É possível notar que existem barreiras distintas para a implementação da reforma agrária como prevê a Constituição, mas essas barreiras parecem ter origem comum: a opressão de classe em uma sociedade fundada em desigualdades, relações de patrimonialismo e superexploração do trabalho. Dessa maneira, a JURA cumpriu papel fundamental na tentativa de quebrar o ciclo de reprodução dessas relações, que também se refletem nos profissionais do Direito, embebidos em uma socialização dentro da faculdade que pode contribuir para a multiplicação de formas de pensar completamente antagônicas ao que se pretende o texto constitucional na efetivação do direito à terra. É válido destacar, ainda, o papel contra hegemônico que foi resguardado no evento, servindo de ponto de apoio para discussões mais fundamentadas em dados empíricos e no arcabouço normativo brasileiro.

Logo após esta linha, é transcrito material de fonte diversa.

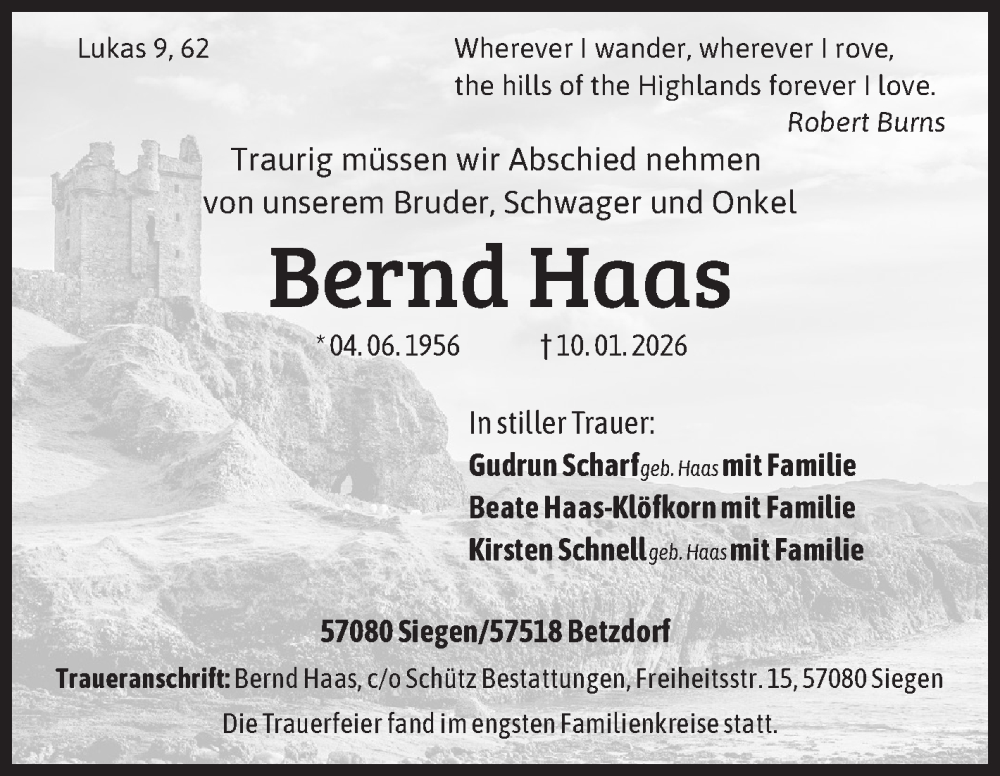 Hier finden Sie alle Traueranzeigen aus der Zeitung, die bisher für Bernd Haas erschienen sind. Weitere Traueranzeigen, die in der Zeitung erscheinen, werden hier ebenfalls aufgelistet
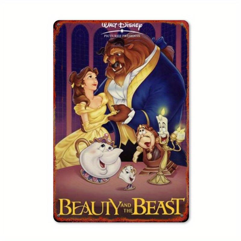 2D Flat - 1pc Beauty and the Beast 12x8 Inch Metal Tin Sign - Vintage Wall Art with Belle, Beast, and Iconic Characters - Perfec
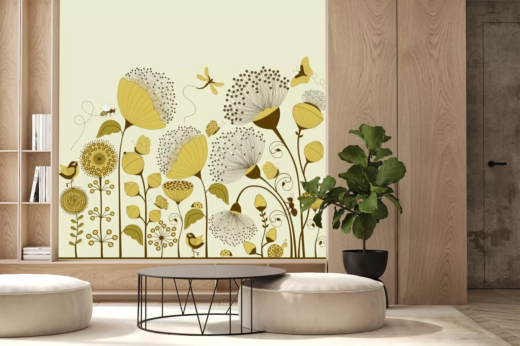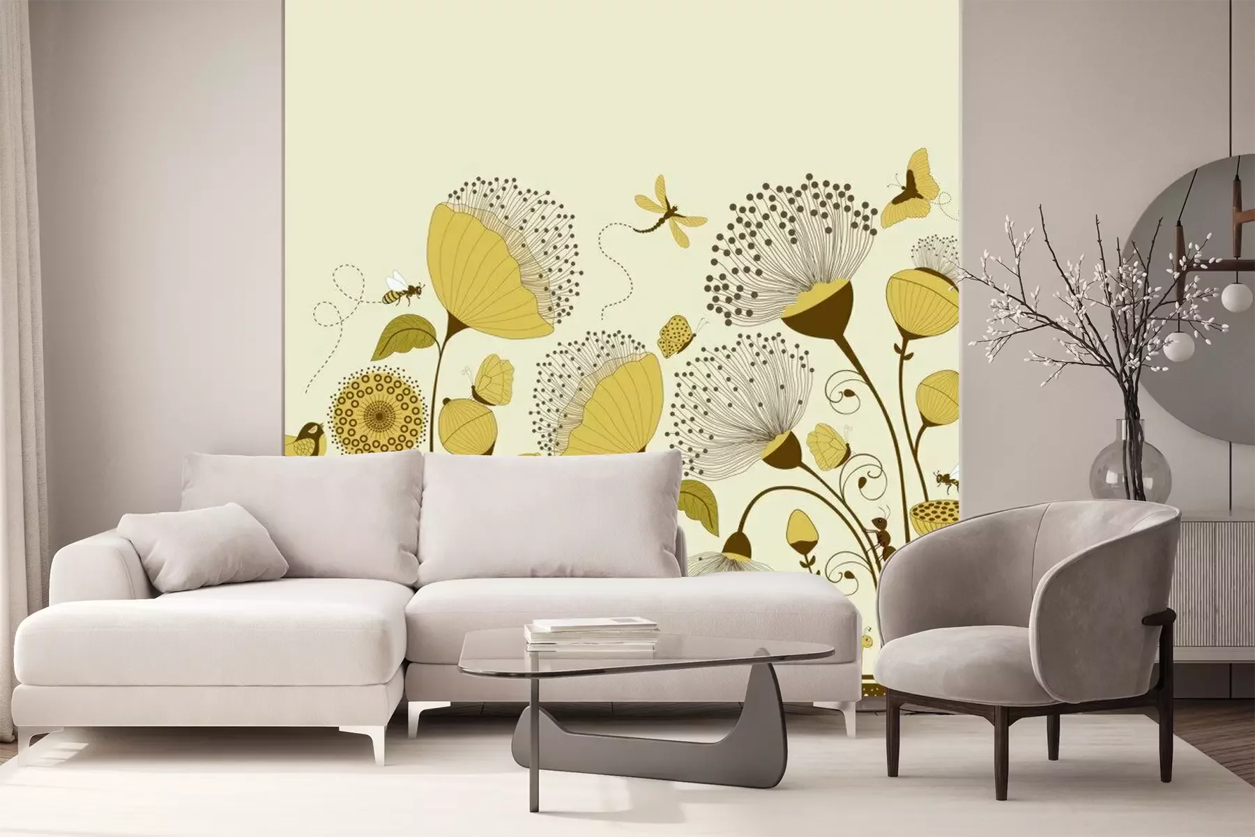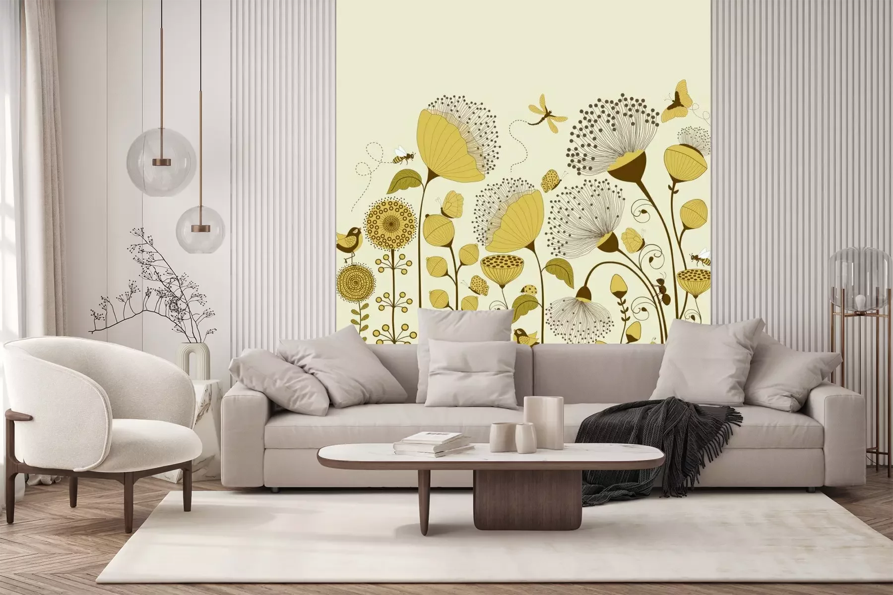 Sticker Blumenkarte mit stilisierten Blumen und Schmetterlingen

Parece importante evidenciar, também, a presença de militantes do MST em um evento que é acadêmico e, portanto, transmite a ideia de elitização e desqualificação das vozes não letradas nos costumes do meio acadêmico. As participações foram fundamentais para fazer ouvir aos que menos têm espaço nesse processo e reconhecer a importância da vivência dessas pessoas, colocando-as no mesmo patamar de prestígio dos diplomados, que estão acostumados a serem ouvidos.